◆ What is required
For the word "with", copy every line of the material that includes it.

◆ Information provided

════════════════════

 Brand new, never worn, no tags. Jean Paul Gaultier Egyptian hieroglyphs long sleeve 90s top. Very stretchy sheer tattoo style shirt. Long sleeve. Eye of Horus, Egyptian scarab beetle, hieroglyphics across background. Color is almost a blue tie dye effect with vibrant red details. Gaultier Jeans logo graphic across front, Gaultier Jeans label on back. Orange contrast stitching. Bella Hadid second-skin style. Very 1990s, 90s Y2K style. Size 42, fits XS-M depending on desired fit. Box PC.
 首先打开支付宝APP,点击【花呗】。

════════════════════

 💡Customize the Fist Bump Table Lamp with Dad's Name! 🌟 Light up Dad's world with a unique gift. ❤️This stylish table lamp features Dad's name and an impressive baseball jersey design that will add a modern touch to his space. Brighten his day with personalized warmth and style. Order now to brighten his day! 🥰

════════════════════

◆ Answer for this exercise
 Brand new, never worn, no tags. Jean Paul Gaultier Egyptian hieroglyphs long sleeve 90s top. Very stretchy sheer tattoo style shirt. Long sleeve. Eye of Horus, Egyptian scarab beetle, hieroglyphics across background. Color is almost a blue tie dye effect with vibrant red details. Gaultier Jeans logo graphic across front, Gaultier Jeans label on back. Orange contrast stitching. Bella Hadid second-skin style. Very 1990s, 90s Y2K style. Size 42, fits XS-M depending on desired fit. Box PC.
 💡Customize the Fist Bump Table Lamp with Dad's Name! 🌟 Light up Dad's world with a unique gift. ❤️This stylish table lamp features Dad's name and an impressive baseball jersey design that will add a modern touch to his space. Brighten his day with personalized warmth and style. Order now to brighten his day! 🥰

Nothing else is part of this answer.